How can I make WWW:Mechanize to not fetch pages twice?

2022-12-24 20:52 问答作者：

I have a web scraping application, written in OO Perl. There's single WWW::Mechanize object used in the app. How can I make it to not fetch the same URL twice, i.e. make the second get() with the same URL no-op:

my $mech = WWW::Mechanize->new();
my $url = 'http:://google.com';

$mech->ge开发者_运维技巧t( $url ); # first time, fetch
$mech->get( $url ); # same url, do nothing

See WWW::Mechanize::Cached:

Synopsis

use WWW::Mechanize::Cached;

my $cacher = WWW::Mechanize::Cached->new;
$cacher->get( $url );

Description

Uses the Cache::Cache hierarchy to implement a caching Mech. This lets one perform repeated requests without hammering a server impolitely.

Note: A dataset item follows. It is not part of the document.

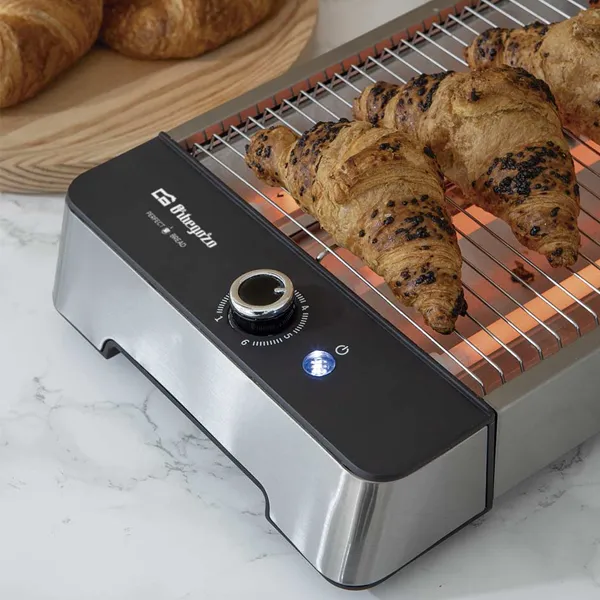 6 posições de tostagem Permite tostar qualquer tipo de pão Botão de ligar/desligar Bandeja recolhe migalhas Temporizador com sinal acustico Recolhe cabos. Potencia: 600 W. Corpo em aço inox Dimensões: 42 x 30,6 x 9,2 cm Tensão: 230 V – 50 Hz.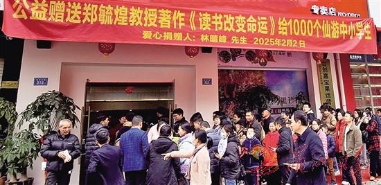 “加油!好好學習。”“加油!努力讀書。”近日,一場充滿愛心與希望的公益贈書活動在仙游百家姓酒旗艦店展開(如圖),鄭毓煌教授每贈送一本書時都向受贈學子重復這兩句話。活動中,仙游一中校友、IT從業者林晴峰向仙游縣1000位中小學生捐贈1000冊《讀書改變命運》。同時,他還分別向仙游縣實驗小學、賴店中心小學、賴店溪埔小學以及仙游縣圖書館分別贈送100冊書。 《讀書改變命運》書籍由仙游一中校友、清華大學教授、知名學者鄭毓煌所著,講述其從仙游農村出發,通過不懈努力考上清華大學,之后到哥倫比亞大學深造,最終成為清華大學博士生導師的成長經歷,分享了俞敏洪、彭凱平、施一公、顏寧等眾多優秀人士通過讀書改變命運的感人故事,闡述讀書對于個人命運有著深遠影響,知識能夠賦予個人能力,讓人超越自身局限,獲取新技能和思維方式,從而改變生活軌跡。全書飽含著對青少年成長的關懷與激勵,旨在幫助學子們從這些經歷中汲取力量,樹立奮斗目標。

You can store the URLs and their content in a hash.

my $mech = WWW::Mechanize->new();
my $url = 'http://google.com';
my %response;

$response{$url} = $mech->get($url) unless $response{$url};

You can subclass WWW::Mechanize and redefine the get() method to do what you want:

package MyMech;
use base 'WWW::Mechanize';

sub get {
    my $self = shift;
    my($url) = @_;

    if (defined $self->res && $self->res->request->uri ne $url) {
        return $self->SUPER::get(@_)
    }
    return $self->res;
}

继续阅读：perl www-mechanize

How can I make WWW:Mechanize to not fetch pages twice?

Synopsis

Description

更多精彩内容

精彩评论

最新问答

央视是哪个频道？

请问买过的朋友，舒提啦旅行箱实际使用体验如何？？

检查不孕不育需要的费用？

海信ULED电视画质有什么不同的地方?？

钉子可以挂的住画框幕布吗？

问答排行榜

河神2九牛入海钓河妖是第几集河妖什么来历可活吞牛？

性激素六项检查的最佳时间是多久？多少钱？？

Easiest way to get words of one line from istream into a vector?

《梦在燃烧 (《三国演义》动画片主题曲)》MP3歌词-汤子星？

抽烟只抽炫赫门？

Synopsis

Description

更多精彩内容

精彩评论

最新问答

央视是哪个频道？

请问买过的朋友，舒提啦旅行箱实际使用体验如何？？

检查不孕不育需要的费用？

海信ULED电视画质有什么不同的地方?？

钉子可以挂的住画框幕布吗？

问答排行榜

河神2九牛入海钓河妖是第几集 河妖什么来历可活吞牛？

性激素六项检查的最佳时间是多久？多少钱？？

Easiest way to get words of one line from istream into a vector?

《梦在燃烧 (《三国演义》动画片主题曲)》MP3歌词-汤子星？

抽烟只抽炫赫门？

河神2九牛入海钓河妖是第几集河妖什么来历可活吞牛？